There are two entirely different approach to refactoring volumes - Flex Volumes and CSI Container Storage Interface. There is an undergoing effort to move all of the volume logic from the controller-manager into plugins called Flex Volumes. In the Flex volumes world, all of the vendor specific code will be packaged in a separate binary as a plugin. After discussing with @thockin, this was decidedly the best approach to remove all cloud provider dependency for volumes out of kubernetes core. Some of the discovery information for this can be found at https://goo.gl/CtzpVm.

Deployment Changes

This change will introduce new binaries to the list of binaries required to run kubernetes. The change will be designed such that these binaries can be installed via kubectl apply -f and the appropriate instances of the binaries will be running.

Issues such as monitoring, configuring the new binaries will generally be left to cloud provider.
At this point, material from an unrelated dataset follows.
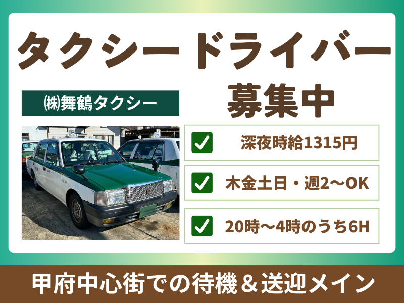 【株式会社舞鶴タクシー】夜間のみ! シニア活躍中のタクシードライバー【甲府市の求人】
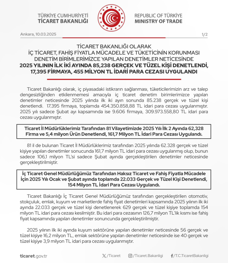 Ticaret Bakanlığı bünyesindeki İç Ticaret, Fahiş Fiyatla Mücadele ve Tüketicinin Korunması denetim birimlerince yapılan denetimlerde yılın ilk iki ayında 85 bin 238 gerçek ve tüzel kişiyi denetledi. Denetimlerde 17 bin 395 firmaya, 455 milyon TL idari para cezası uygulandı.

However they should ensure that test runs upload the logs for these new processes to test grid.

Applying the cloud controller manager is the only step that is different in the upgrade process. In order to complete the upgrade process, you need to apply the cloud-controller-manager deployment to the setup. A deployment descriptor file will be provided with this change. You need to apply this change using

kubectl apply -f cloud-controller-manager.yml

This will start the cloud specific controller manager in your kubernetes setup.

The downgrade steps are also the same as before for all the components except the cloud-controller-manager. In case of the cloud-controller-manager, the deployment should be deleted using

kubectl delete -f cloud-controller-manager.yml

Implementation Details/Notes/Constraints [optional]

Security Considerations

Make sure that you consider the impact of this feature from the point of view of Security.

Graduation Criteria

How will we know that this has succeeded? Gathering user feedback is crucial for building high quality experiences and SIGs have the important responsibility of setting milestones for stability and completeness. Hopefully the content previously contained in umbrella issues will be tracked in the Graduation Criteria section.

Implementation History

Major milestones in the life cycle of a KEP should be tracked in Implementation History. Major milestones might include

  • the Summary and Motivation sections being merged signaling SIG acceptance
  • the Proposal section being merged signaling agreement on a proposed design
  • the date implementation started
  • the first Kubernetes release where an initial version of the KEP was available
  • the version of Kubernetes where the KEP graduated to general availability
  • when the KEP was retired or superseded

Alternatives [optional]

One alternate to consider is the use of a side-car. The cloud-interface in tree could then be a GRPC call out to that side-car. We could then leave the Kube API Server, Kube Controller Manager and Kubelet pretty much as is. We would still need separate repos to hold the code for the side care and to handle cluster setup for the cloud provider. However we believe that different cloud providers will (already) want different control loops. As such we are likely to need something like the cloud controller manager anyway. From the perspective it seems easier to centralize the effort in that direction. In addition it should limit the proliferation of new processes across the entire cluster.